# what a deal on yard stuff...



## Biblegrove RR (Jan 4, 2008)

I went to Menards because they have 60 lbs. concrete mix for only $2.49! NEVER, I mean never go there without wandering out back to the Bargain bin! I found great deals on metal, lumber, etc. Here is a pic of what I pick up today.








10 bags of concrete mix, broken bags
8 bags of landscape sand for patio pavers etc.
7 bags of various kinds of sand, from play sand to crap sand used for weight in the winter
9 bags of pea gravel
4 bags of "mountain blend"
1 sack of just plain gravel
1 bag of bright red volcano rocks
and a partridge in a pear tree...
TOTAL?
$16


----------



## altterrain (Jan 2, 2008)

That's a deal! 

-Brian


----------



## Spule 4 (Jan 2, 2008)

....and it appears they put them on by lift-truck? So no labor on loading from you maybe? Yes, such a deal. 

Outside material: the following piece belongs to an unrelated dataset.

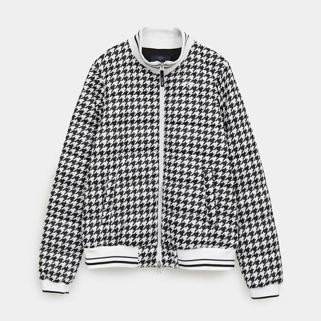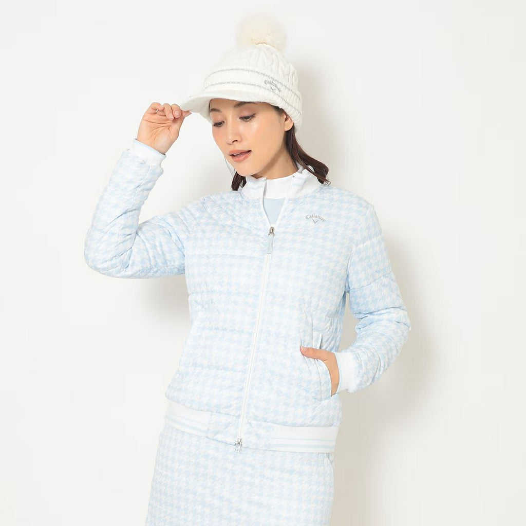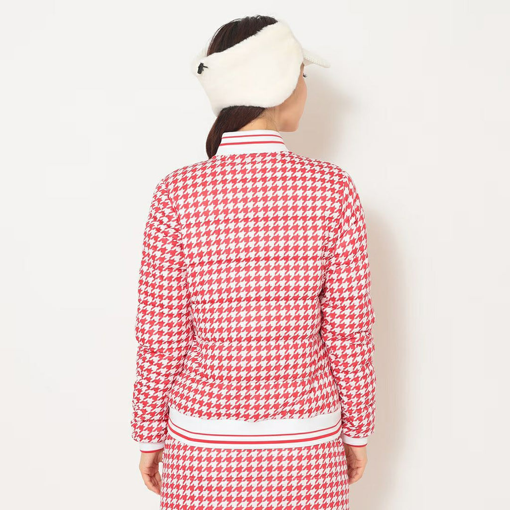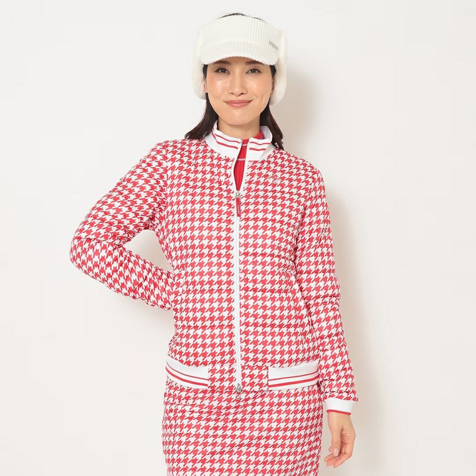 ブルゾン 中綿入り ストレッチ 保温 防寒 撥水 防風 千鳥柄 総柄 ロゴプリント ゴルフウェア

If the pallets are not in bad shape, you can put them on CL (they go for around $1 each here) and maybe even come out better on the deal!


----------



## Seans_World (Aug 14, 2009)

Great deal catch, wish we could come across a deal like that here.


----------



## Biblegrove RR (Jan 4, 2008)

YES, ol' boy loaded it all, they know me pretty well there. hehe I use the pallets to stack the stuff on outside. Concrete inside... 
I love that place, they are ALWAYS, MUCH CHEAPER than Lowe's or Home DePot


----------



## John J (Dec 29, 2007)

I have two 30 Gal Plastic garbage cans of Motar/stucco Mix that were broken bags from Home Depot. That comes in handy when making mountians.


----------